We blamed all we had missed the night before on that fear-ridden Anaïs. It was that great drama of the earth that the masters of beasts put on every year, the night of the summer solstice.
I RETURNED to Manosque by the most convenient route. The walking, my strength, the eel soup had given me heart and I rolled along the paths like a stone, but I was hungry for that great thing of the spirit and I couldn’t think of anything else. Insensible to the beautiful flower of sky, to all the hoopoes that were learning to fly around me, I went along and my thoughts, like a fledgling bird, learned to fly, too. They took off in the direction of that odor of newborn lamb.

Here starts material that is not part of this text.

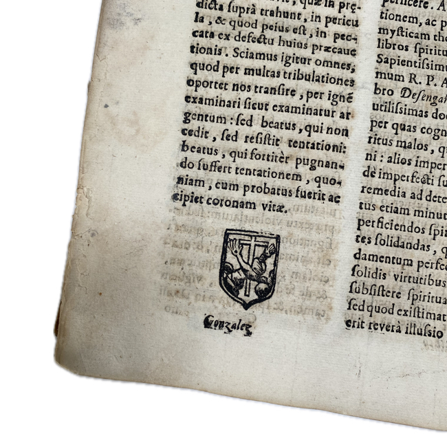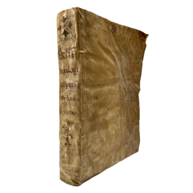 Folio (29 x 20 cm.): [14] h., 571 p., [8] h. Pergamino de época; rastros de broches; título manuscrito en lomo. Esquina inferior derecha de página de título con pérdida de papel, con reparación, sin afectación en textos; las tres primreas hojas con suciedad marginal; manchas de óxido ocasionales (foxing); letras capitulares ornamentales y viñetas decorativas al inicio de capítulos. Textos en latín.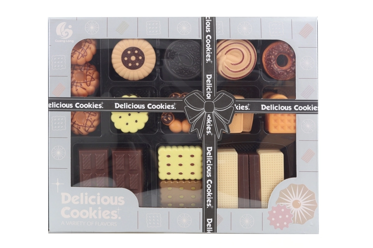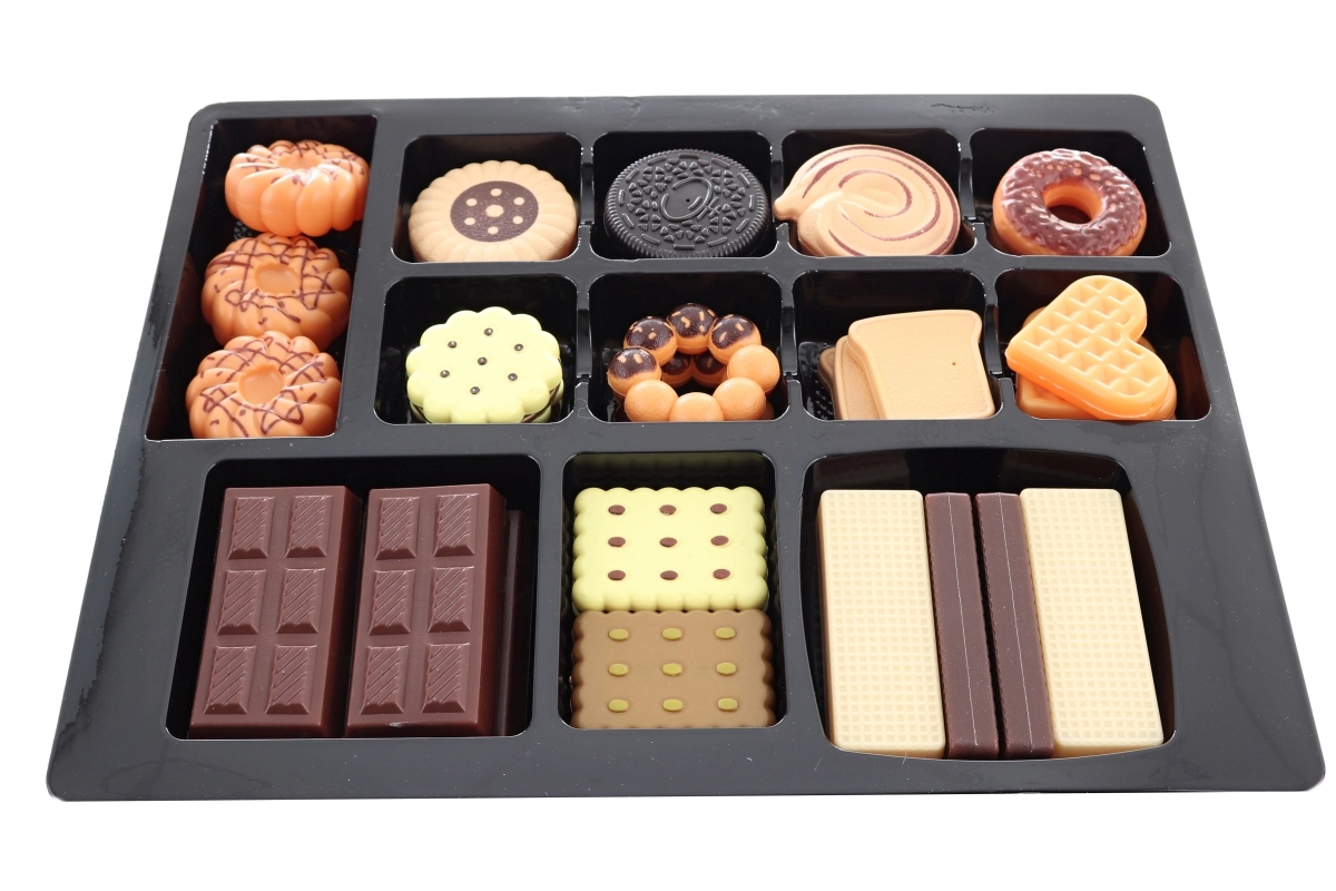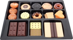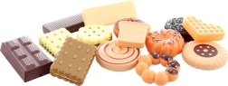 El set incluye una selección de dulces — obleas, galletas, chocolate y gofres — ideal para jugar a la tienda o a la cocina. El práctico embalaje en una caja de regalo lo convierte en un regalo perfecto para pequeños chefs.

“No more rest!” I had written to Césaire. This is what I said to him:
“This is what you must do, watch carefully for the date and the time for me. Try to find out, let me know exactly. Twenty opinions are better than one. Then, I put you in charge of the whole business because, you know, I am so far away from it all, I am so far from it, because, when all is said and done, I haven’t been able to completely disengage myself from the easy life, because I have a family that is used to it, because Manosque isn’t a big town, but it’s a town all the same. Do you know what I mean? I’m telling you this so that you will know that I’m putting the whole business in your hands. I know that I myself could never learn the time and date. I would have to go spend days and days in the hills and it would be exactly the moment I close my eyes when that red scarf would pass, and once more I would miss everything. Watch well and then tell me when it is close to the time. I’ll arrange to be ready day or night. Send me a message, and I’ll come up at once. Warn Anaïs and Bartholomé and, if perhaps you could get a faster horse.... Ah yes, Césaire, if only my life were like yours. To hollow out a burrow and to live there with only those you love for company. Maybe I would have had a witch daughter, too. Now, it’s too late. A hug for everyone there.”